## Pages

### Mechanical Properties of solids NCERT Solutions Class 11 Physics - Solved Exercise Question 9.1

Question 9.1:
A steel wire of length 4.7 m and cross-sectional area 3.0 × 10–5 m2 stretches by the same amount as a copper wire of length 3.5 m and cross-sectional area of 4.0 × 10–5 m2 under a given load.
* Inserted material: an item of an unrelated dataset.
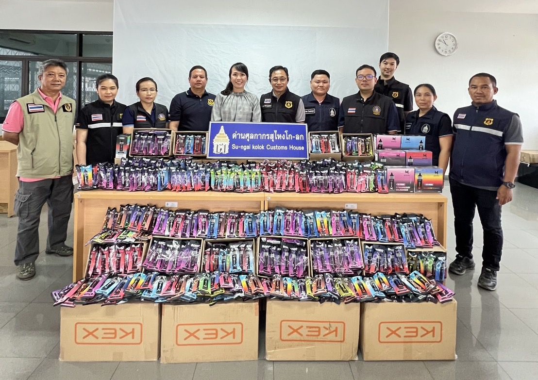 สำนักงานศุลกากรภาคที่ 4 ด่านศุลกากรสงขลา และด่านศุลกากรท่าอากาศยานหาดใหญ่ ตรวจค้นพัสดุในบริษัทขนส่งเอกชนในพื้นที่จังหวัดสงขลา พบบุหรี่ไฟฟ้าและอุปกรณ์ จำนวน 22,136 ชิ้น มูลค่า 6,927,000 บาท ด่านศุลกากรสุไหงโก-ลก ได้ออกลาดตระเวนในพื้นที่ความรับผิดชอบของด่านฯ

What is the ratio of the Young’s modulus of steel to that of copper?
Solution:
Length of the steel wire, L1 = 4.7 m
Area of cross-section of the steel wire, A1 = 3.0 × 10–5 m2
Length of the copper wire, L2 = 3.5 m
Area of cross-section of the copper wire, A2 = 4.0 × 10–5 m2
Change in length = ΔL1 = ΔL2 = ΔL
Force applied in both the cases = F
Young’s modulus of the steel wire:
Y1 = (F1 / A1) (L1 / ΔL1)
= (F / 3 X 10-5) (4.7 / ΔL)     ....(i)
Young’s modulus of the copper wire:
Y2 = (F2 / A2) (L2 / ΔL2)
= (F / 4 X 10-5) (3.5 / ΔL)     ....(ii)
Dividing (i) by (ii), we get:
Y1 / Y2  =  (4.7 X 4 X 10-5) / (3 X 10-5 X 3.5)
= 1.79 : 1
The ratio of Young’s modulus of steel to that of copper is 1.79 : 1.